* _REQUIRED WORK_:
After locating the line that holds "Hos äldre katter", copy that line and all that follow it word for word through the end of the data, with no pictures.
*** RECORDS FOR THIS TASK Section Begins ***
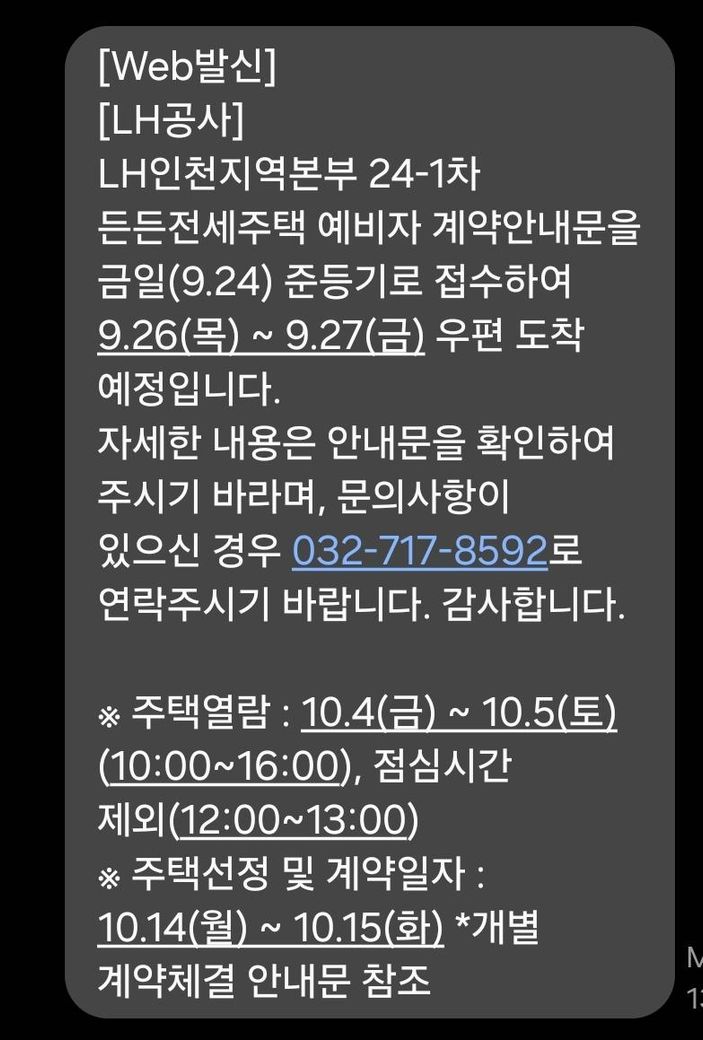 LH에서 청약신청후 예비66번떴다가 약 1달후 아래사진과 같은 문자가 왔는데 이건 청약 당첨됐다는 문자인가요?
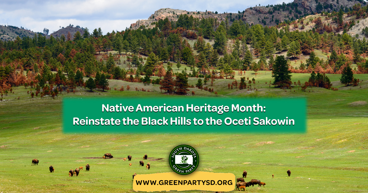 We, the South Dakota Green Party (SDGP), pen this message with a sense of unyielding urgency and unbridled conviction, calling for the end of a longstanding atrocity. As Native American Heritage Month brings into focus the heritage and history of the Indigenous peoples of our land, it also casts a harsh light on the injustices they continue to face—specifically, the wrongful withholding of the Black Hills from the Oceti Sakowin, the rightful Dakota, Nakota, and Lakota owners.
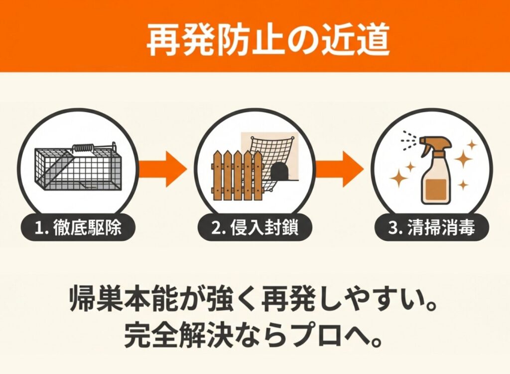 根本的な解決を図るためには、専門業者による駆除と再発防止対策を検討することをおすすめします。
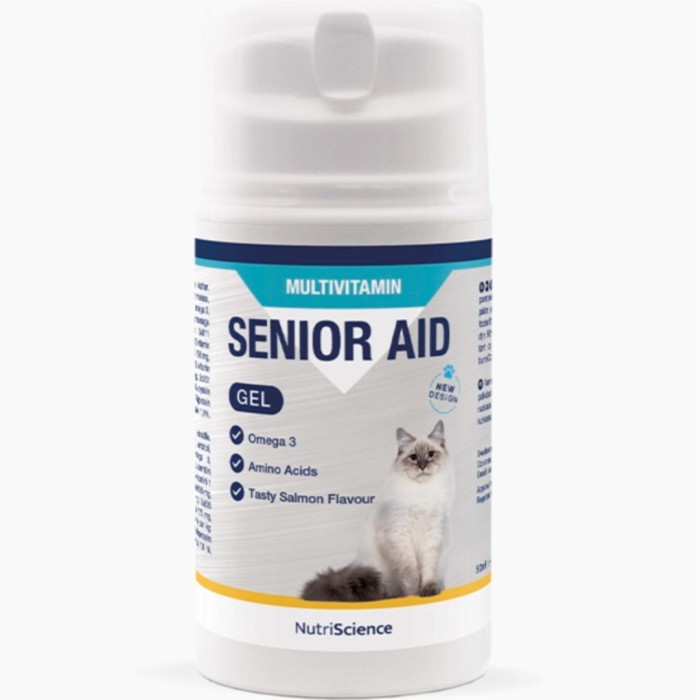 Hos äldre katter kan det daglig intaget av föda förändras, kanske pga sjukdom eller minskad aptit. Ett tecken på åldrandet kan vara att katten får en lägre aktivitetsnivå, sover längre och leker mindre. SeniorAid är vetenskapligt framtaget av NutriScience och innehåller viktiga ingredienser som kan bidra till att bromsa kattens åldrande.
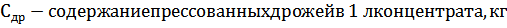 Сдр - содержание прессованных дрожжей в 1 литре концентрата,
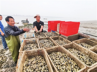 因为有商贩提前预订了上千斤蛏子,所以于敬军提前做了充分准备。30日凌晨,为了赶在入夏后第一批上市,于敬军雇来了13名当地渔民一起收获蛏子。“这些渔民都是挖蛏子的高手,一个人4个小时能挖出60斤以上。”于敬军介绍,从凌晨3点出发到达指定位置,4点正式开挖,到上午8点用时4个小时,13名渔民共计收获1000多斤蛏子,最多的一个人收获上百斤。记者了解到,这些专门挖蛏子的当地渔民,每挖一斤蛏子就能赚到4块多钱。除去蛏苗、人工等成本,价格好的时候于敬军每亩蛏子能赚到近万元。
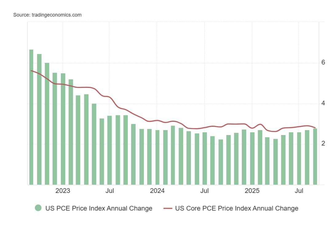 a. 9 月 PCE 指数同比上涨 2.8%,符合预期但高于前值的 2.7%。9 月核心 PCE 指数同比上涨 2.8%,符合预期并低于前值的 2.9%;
*** RECORDS FOR THIS TASK Section Ends ***
* _ANSWER SECTION_:
 Hos äldre katter kan det daglig intaget av föda förändras, kanske pga sjukdom eller minskad aptit. Ett tecken på åldrandet kan vara att katten får en lägre aktivitetsnivå, sover längre och leker mindre. SeniorAid är vetenskapligt framtaget av NutriScience och innehåller viktiga ingredienser som kan bidra till att bromsa kattens åldrande.
 Сдр - содержание прессованных дрожжей в 1 литре концентрата,
 因为有商贩提前预订了上千斤蛏子,所以于敬军提前做了充分准备。30日凌晨,为了赶在入夏后第一批上市,于敬军雇来了13名当地渔民一起收获蛏子。“这些渔民都是挖蛏子的高手,一个人4个小时能挖出60斤以上。”于敬军介绍,从凌晨3点出发到达指定位置,4点正式开挖,到上午8点用时4个小时,13名渔民共计收获1000多斤蛏子,最多的一个人收获上百斤。记者了解到,这些专门挖蛏子的当地渔民,每挖一斤蛏子就能赚到4块多钱。除去蛏苗、人工等成本,价格好的时候于敬军每亩蛏子能赚到近万元。
 a. 9 月 PCE 指数同比上涨 2.8%,符合预期但高于前值的 2.7%。9 月核心 PCE 指数同比上涨 2.8%,符合预期并低于前值的 2.9%;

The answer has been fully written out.